··· Exercise data ···

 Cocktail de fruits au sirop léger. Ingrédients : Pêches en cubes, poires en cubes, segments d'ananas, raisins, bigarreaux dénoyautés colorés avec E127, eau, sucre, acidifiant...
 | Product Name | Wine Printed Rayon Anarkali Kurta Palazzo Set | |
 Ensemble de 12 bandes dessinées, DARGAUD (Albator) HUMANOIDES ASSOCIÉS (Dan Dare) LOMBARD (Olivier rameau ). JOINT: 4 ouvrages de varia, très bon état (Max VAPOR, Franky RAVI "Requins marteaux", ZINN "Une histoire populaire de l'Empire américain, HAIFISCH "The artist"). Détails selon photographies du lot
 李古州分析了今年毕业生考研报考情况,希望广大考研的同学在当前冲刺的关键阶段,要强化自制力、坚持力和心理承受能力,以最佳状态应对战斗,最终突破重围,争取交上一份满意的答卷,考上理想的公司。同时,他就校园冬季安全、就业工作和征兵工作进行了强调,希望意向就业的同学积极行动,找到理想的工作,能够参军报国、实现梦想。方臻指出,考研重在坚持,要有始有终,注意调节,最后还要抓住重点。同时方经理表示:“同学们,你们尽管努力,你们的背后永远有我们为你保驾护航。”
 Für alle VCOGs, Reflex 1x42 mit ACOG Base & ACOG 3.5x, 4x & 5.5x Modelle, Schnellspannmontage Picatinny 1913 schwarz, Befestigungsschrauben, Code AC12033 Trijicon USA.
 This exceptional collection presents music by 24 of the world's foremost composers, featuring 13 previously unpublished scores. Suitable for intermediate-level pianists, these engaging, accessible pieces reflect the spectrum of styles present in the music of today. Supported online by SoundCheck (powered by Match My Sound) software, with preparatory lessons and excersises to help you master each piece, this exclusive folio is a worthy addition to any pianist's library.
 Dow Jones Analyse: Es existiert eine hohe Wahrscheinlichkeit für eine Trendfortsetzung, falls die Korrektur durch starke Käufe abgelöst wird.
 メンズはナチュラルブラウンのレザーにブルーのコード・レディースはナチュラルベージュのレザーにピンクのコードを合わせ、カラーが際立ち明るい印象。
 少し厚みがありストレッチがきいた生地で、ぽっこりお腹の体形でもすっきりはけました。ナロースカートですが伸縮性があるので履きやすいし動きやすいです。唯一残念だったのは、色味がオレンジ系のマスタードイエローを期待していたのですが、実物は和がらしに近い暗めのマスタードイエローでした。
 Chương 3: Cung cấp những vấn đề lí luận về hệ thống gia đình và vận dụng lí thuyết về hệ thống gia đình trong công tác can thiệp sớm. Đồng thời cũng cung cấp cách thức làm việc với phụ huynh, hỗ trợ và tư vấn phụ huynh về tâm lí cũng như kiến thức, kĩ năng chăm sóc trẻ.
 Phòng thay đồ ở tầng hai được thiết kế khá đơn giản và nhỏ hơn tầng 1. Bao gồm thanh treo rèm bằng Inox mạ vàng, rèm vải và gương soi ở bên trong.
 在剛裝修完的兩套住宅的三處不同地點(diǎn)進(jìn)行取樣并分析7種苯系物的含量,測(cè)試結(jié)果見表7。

···
··· Exercise data ···

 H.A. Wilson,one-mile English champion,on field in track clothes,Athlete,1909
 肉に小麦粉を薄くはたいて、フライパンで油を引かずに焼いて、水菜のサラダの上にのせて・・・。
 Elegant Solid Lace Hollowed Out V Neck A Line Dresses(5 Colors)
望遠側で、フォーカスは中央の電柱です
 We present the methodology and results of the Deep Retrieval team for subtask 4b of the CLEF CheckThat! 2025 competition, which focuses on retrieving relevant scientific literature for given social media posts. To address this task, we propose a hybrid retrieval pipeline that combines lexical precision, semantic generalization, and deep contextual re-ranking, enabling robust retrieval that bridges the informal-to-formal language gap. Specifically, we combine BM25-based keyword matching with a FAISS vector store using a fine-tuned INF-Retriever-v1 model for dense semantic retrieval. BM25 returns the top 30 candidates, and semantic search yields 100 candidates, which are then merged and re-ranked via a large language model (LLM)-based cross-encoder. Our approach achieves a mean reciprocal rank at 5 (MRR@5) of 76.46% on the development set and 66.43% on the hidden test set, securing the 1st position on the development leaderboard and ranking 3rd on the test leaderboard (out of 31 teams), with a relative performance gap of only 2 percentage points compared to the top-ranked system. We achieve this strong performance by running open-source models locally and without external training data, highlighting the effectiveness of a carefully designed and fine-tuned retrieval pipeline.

···
··· Exercise data ···

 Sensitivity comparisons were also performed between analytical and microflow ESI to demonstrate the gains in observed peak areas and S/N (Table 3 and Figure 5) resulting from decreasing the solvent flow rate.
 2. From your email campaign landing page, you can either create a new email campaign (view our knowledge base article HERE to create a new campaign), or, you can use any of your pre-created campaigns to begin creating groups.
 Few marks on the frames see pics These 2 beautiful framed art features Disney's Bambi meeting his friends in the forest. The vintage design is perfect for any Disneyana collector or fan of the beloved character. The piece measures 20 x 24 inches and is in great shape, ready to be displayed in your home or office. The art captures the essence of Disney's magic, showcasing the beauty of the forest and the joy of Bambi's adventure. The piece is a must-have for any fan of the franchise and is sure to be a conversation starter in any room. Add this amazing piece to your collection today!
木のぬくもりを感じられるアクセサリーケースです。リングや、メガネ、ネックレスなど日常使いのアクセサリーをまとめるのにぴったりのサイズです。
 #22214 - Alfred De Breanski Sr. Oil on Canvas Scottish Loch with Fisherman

···

> Exercise instructions: Pull out all lines from the entries above that include the word "collection".

> Response box:
 This exceptional collection presents music by 24 of the world's foremost composers, featuring 13 previously unpublished scores. Suitable for intermediate-level pianists, these engaging, accessible pieces reflect the spectrum of styles present in the music of today. Supported online by SoundCheck (powered by Match My Sound) software, with preparatory lessons and excersises to help you master each piece, this exclusive folio is a worthy addition to any pianist's library.
 Few marks on the frames see pics These 2 beautiful framed art features Disney's Bambi meeting his friends in the forest. The vintage design is perfect for any Disneyana collector or fan of the beloved character. The piece measures 20 x 24 inches and is in great shape, ready to be displayed in your home or office. The art captures the essence of Disney's magic, showcasing the beauty of the forest and the joy of Bambi's adventure. The piece is a must-have for any fan of the franchise and is sure to be a conversation starter in any room. Add this amazing piece to your collection today!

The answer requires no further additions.